Enter the hybrid cloud: many professionals already are familiar, but a lot of software is running in both public clouds and data centres for a single company. You get to use hyperscalers where it makes sense, and your own hardware when that makes sense.

This is likely to be the approach in the early releases of Blasphemess; I already use Google Cloud Platform for pre-alpha testing and prototyping of the game.

Leveraging a public cloud eases startup friction. I just intend to pivot away in the future, once things are proven viable.

Let's Talk Physical Servers and also the Pets vs. Cattle Philosophy

If I intend to run my servers in a co-lo data centre, then comes the immediate question: "What am I going to run them on?"

Physical servers are the old way of running most things; you get a server, you install an Operating System (OS), and you run software on that server directly.

This is great if the use case involves simplicity, performance requirements that virtualisation overhead interferes with, or when dealing with constraints like legal compliance.

Side note: physical servers are sometimes referred to as metal or bare metal. The terms are confusing, but in public cloud contexts they're usually referring to physical hosts that do not have virtualisation in place.

Physical servers cover plenty of use-cases. They also typically grow to be unique, like snowflakes or beloved pets. They get distinct names, are fixed when issues crop up through debugging and manual operations, and can often be tailored for the purpose of what software they run – like "the database server" and "the web server."

Such unique treatment is a problem when you want to scale horizontally, or recreate environments from scratch (such as after a disaster). Who can remember every single little detail to set up a server, especially years later?

This repeatable setup issue is at least partially addressed with "IaC" and "CaC". Infrastructure-as-code (IaC) and configuration-as-code (CaC) principles mean that server environments I run on should be checked into a source code management tool such as Git, that way I can repeatedly play that back every time I make a new server.

However, there's more to it than that: why treat servers like unique pets at all, why not treat them like cattle? Make a bunch of interchangeable servers, and you can apply bulk operations much more easily. There's also lots of fault tolerance (reliability) if you do it well.

I've written before about how I horizontally scale Blasphemess. This is more like a cattle approach. To accomplish that, I don't want to work with physical servers.

Instead, I want to step into the world of virtualisation...

The Start of Ease: Virtual Machines and Virtual Private Servers (VPS)

Renting a virtual private server is a common developer experience. You often get a virtual machine, which is an emulation of a whole server. It's "private" in the sense that other customers of the VPS provider can't access your machine (allegedly), because their VMs and your VMs may run on the same hardware, but are isolated from each other by the hypervisor.

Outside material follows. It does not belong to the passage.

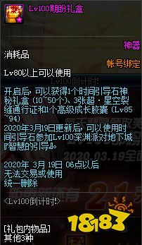 从3月5日到3月19日(奖励只能领到18日)可以每天获得一个100级期盼礼盒,礼盒内有一个时间引导石神秘礼盒,可以从10~50个时间引导石中随机抽出。

Virtual machines are neat. That's an understatement, as they revolutionised a lot of the compute world. Nowadays, so much of everything is running on them.

VMs made infrastructure easier, and I consider them the start of my era of developer ease. Servers became a commodity with lower barriers to entry, such that some companies offered free virtual private servers to developers to get them hooked on the platform.

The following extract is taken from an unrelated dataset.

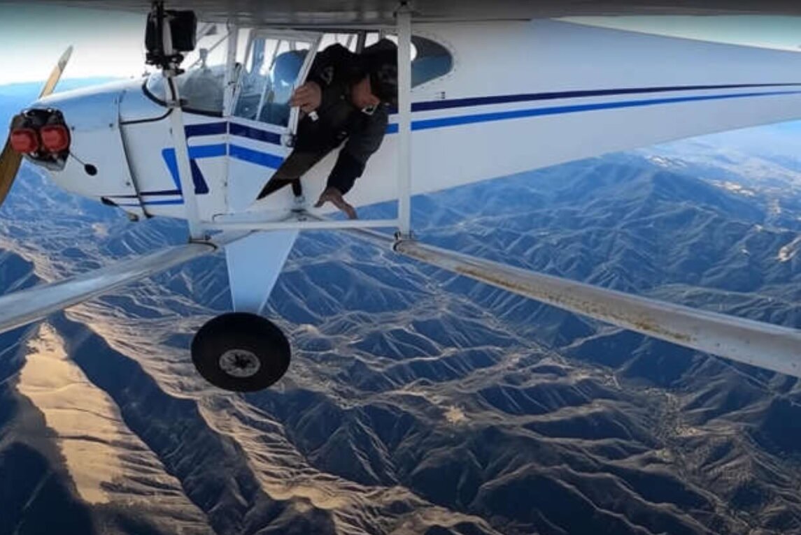 جیکوب با هواپیمای تکموتوره کوچک و مجهز به دوربین، از فرودگاهی در کالیفرنیا برخاست و پس از 35 دقیقه پرواز، با چتر نجات از هواپیما بیرون پرید و هواپیما را سرنگون کرد. تمام این اتفاق با استفاده از دوربینهای متصل به هواپیما، فیلمبرداری شدند.

There are a lot of details in virtualisation, like VM images that you spin up and run immediately without needing OS installers. Projects like cloud-init that help. Online VM migrations between host nodes, for higher availability of services. Even fancy things like "hyperconverged infrastructure."

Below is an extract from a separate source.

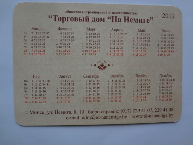 Календарик 2012 г. ТД На Немиге. Лучшее место для покупок и встреч!

That's not important for this blog post, but they are considerations I factored into my decision on how to build Blasphemess infrastructure.

I picked Proxmox VE as a free & open source virtualisation platform. It's popular enough among self-hosted home-lab enthusiasts, so I decided to trial it with my own home lab.

It's working thus far, so let's see what the future holds!

The Promised Future: Docker, Linux Containers (LXC), and Kubernetes

When I started my career, Docker and Kubernetes were just being adopted. The containerisation future has been arriving every day since then.

Linux containers can be thought of as really lightweight virtual machines, or like a chroot if you're familiar. They share the host's OS, but are contained just enough to allow developers to run without fear of significant outside interference.

Containers come with a whole host of benefits; why deal with "Well, it runs on my machine" when you can just ship the whole environment you're running on? What about making the initial condition of the image immutable and reliable, so ending the container and recreating it is safe?

Containers are great for dealing with packaging and updates; just change the tag you're running, then swap everything over.

Kubernetes takes Linux containers and runs them in bulk, and performs a lot of tasks automatically to make things "just keep working." There's commentary here about "self-healing" and "rolling updates" and so on, but that's not a big factor for what I'm doing with Blasphemess; it's going to be a niche game, and downtimes are not a big deal.

At my day job, I often use Kubernetes. I love it, and see it as the future of compute: what cores and threads did for generic computers, Kubernetes does at the next level of abstraction up. It's built by incident-hardened operators, and has countless good ideas baked into the system.

The downside of Kubernetes, though, is some added complexity and a weak experience around stateful apps. The complexity can be significant, too; it's a whole ecosystem to learn, which is a major ask for anyone I would want to onboard onto the project.

Kubernetes is not the right tool for my stack, as it adds significant complexity and its benefits are negligible for my use case. Most application errors will not be detected at the Kubernetes level. I'm also going to be a small development team (and am solo at the moment), so standardising on Kubernetes does little to benefit development.

Neat Detour: OpenStack and Open Source Clouds

OpenStack is an open-source alternative to hyperscaler public clouds. There are plenty of features, including VM hosting and container orchestration. There's more than that, too, though.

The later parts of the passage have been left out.